Iran enjoys unique advantages when it comes to production of raw materials and their processing including, but not limited to, the availability of 51 million hectares of agricultural land and the fact that the country enjoys four-season climate.

Almost all raw materials for food processing industries are domestically produced in Iran.

Food processing industries are of significant importance in the development of food industries, as they link the agriculture sector to modern food production industries.

Emerging economies have managed to create an appropriate connection between the two sectors of agriculture and processing industries, and have managed to generate higher value added in food production.
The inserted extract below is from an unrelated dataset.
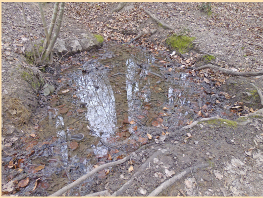
Source au contact des marnes
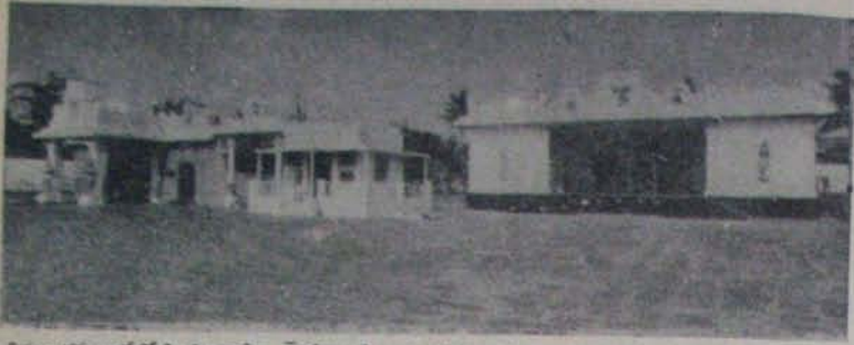
నెల్లూరులో పైవేట్ స్కూల్ కి బిల్డింగ్ పనులు చేపట్టిన అలంకారంగా నిర్మించిన కళ్యాణమండపం.

But food processing industries in Iran have failed to make the best of their potential. Today we are witnessing idle production capacities in processing industries despite the crucial role they play in boosting value added and food exports, while decreasing agricultural waste.

Iran’s processing industries are capable of handling more than 150 million tons of raw materials and meeting all domestic needs and exports to foreign markets. However, weakened competitiveness of local agricultural products compared to counterparts from other countries, incompatibility with international standards and absence of export plans have undermined the export of food products in non-oil exports.

This is while Iran is situated on the five main transit corridors and international transportation routes. On top of that, some of Iran’s neighboring countries are food importers and so we have a great opportunity to capture their markets, provided we adopt export-oriented policies.

Positive steps taken for improving exports over the past years pale in comparison to the potential of the country’s food industries. Recent government policies to support food exports have proved to be effective and need to be pursued more seriously.

A notable example of how the government’s backing helped food exports is the allocation of export subsidies to dairy products, which led to a significant rise in their exports. In fact, dairy products had the biggest share in Iran’s total food exports in the last Iranian year (ended March 20, 2017).

Iran shipped $773 million worth of dairy products over the period, registering a 10% and 25% increase in volume and value respectively compared to the year before. Among the exported products, yogurt topped the list with $218 million, followed by cheese with $187 million, milk powder with $129 million, and cream and ice cream with $120 million.

About 56,000 tons of dairy products worth $251 million were imported during the same period, including 46,000 tons of butter worth $184 million and 7,000 tons of milk powder worth $50 million.

The above figures indicate that Iran’s dairy trade surplus reached $523 million last year.

The main reason behind Iran’s failure to enter other markets is the high price of its products. Food producers in Iran have to pay higher prices for raw materials and that is to blame on the Iranian government’s approach toward local farmers.

The government runs the guaranteed purchase system for many crops, including wheat and tea, whereby it pays farmers for their products prior to the harvest. In fact the government pays farmers both the real end-price of their products plus a subsidy, and this raises the guaranteed purchase price compared with the global prices of agricultural products.

All countries employ strategies to support their agriculture sector. European Union governments pay farmers subsidies for each hectare of land in order to control inflation.

As part of the government’s protective policies, tariffs are imposed on agricultural imports, which also increase prices.

By employing coherent, export-oriented policies, the government will be able to help both the agriculture sector and the food processing industries to claim a significant share of other markets. If not, the government would repeat the same old mistakes and its industries will lose the markets they have the potential to break into. The telling example of such markets is Russia.

Iran lost the opportunity to establish a foothold in the Russian market following the neighboring country’s political tensions with the EU and Turkey. Iran’s share of the huge Russian market is a meager $152 million.